Selama berbulan-bulan setelah kelulusan, Sinta sudah mengajukan banyak lamaran ke beberapa perusahaan. Tapi sampai awal 2020 belum juga ada panggilan wawancara. Sembari menunggu panggilan, Sinta juga menggunakan kemampuan menulisnya untuk membuat artikel dan mengirimkannya ke beberapa media. Satu, dua diterima dan dia mendapat honor barang seratus, dua ratus ribu dari tulisannya.
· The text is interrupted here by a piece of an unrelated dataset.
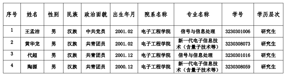根据川教函[2020]622号文件精神及《williamhill中国官方网站关于评选四川省2026届优秀毕业研究生通知》(研教发【2025】30号)文件精神要求,williamhill中国官方网站2026届四川省优秀毕业研究生评定经学生个人申请、班级推荐、学院评审,共推荐4名候选人,现将我院拟获奖学生名单予以公示。如有问题,请于2025年11月11日至2025年11月17日到新气象楼1211办公室反映。联系人:杨老师,电话:028-85966916、028-85966349邮箱:yangyong@cuit.edu.cn。

Hanya cukup untuk jatah pulsa dan paket data setiap bulannya. Karena di usia-usia ini, meminta uang pada Ibu tidak lagi semudah saat dia masih bersekolah. Dan dari banyaknya tulisan yang dia ajukan, lebih banyak yang ditolak.
Sinta juga mengisi waktunya untuk belajar menulis sastra di platform kepenulisan online. Di sana dia mendapatkan cukup banyak pengikut, ratusan di awal prosesnya belajar. Cukup memberikan motivasi dan semangat di tengah kondisi masa depannya yang tidak bisa diprediksi.
Belum lagi, keberadaannya di rumah selama berbulan-bulan ini cukup menarik perhatian dari mulut tetangga. Mulai terdengar suara-suara sumbang yang cukup menyakiti.
“Padahal lulusan universitas bagus ya, tapi setelah lulus malah di rumah ndak langsung kerja.”
“Lagian anak perempuan memang baiknya ndak usah sekolah tinggi-tinggi. Sampai universitas ‘kan biayanya mahal. Ibunya kerja banting tulang buat biaya sekolah, eh giliran lulus malah ndak kerja-kerja.”
“Mbak Sinta gie kadohen mikire. Jarene pendidikan nggo masa depan, lah wong urip nang desa ya gari melu cara uripe wong desa. Bocah kene ya ora pada kuliah, ‘kan? Eh dheweke malah mbeda-mbedani. Wis kaya gue kuliahe ora kanggo wong nang umah bae.”
Itu sebagian yang terdengar. Sebagiannya lagi, Sinta tidak tahu. Dan mungkin lebih parah dari yang dia dengar.
Pun karena itu komentar dari orang lain, Sinta tidak begitu mengkhawatirkan, tidak terlalu dipikirkan. Karena baginya, tidak pernah ada yang bisa mengontrol mulut orang untuk berkomentar. Bagian kita hanya mengontrol emosi agar tidak terlanjur marah atau tersinggung mendengar suara-suara itu.
Hanya saja yang paling menyakitkan adalah komentar pedas dari Arya, kakak sulungnya sendiri. Beserta istrinya yang selalu berperan sebagai kompor rusak setiap kali Arya berkomentar pedas atas keberadaannya di rumah.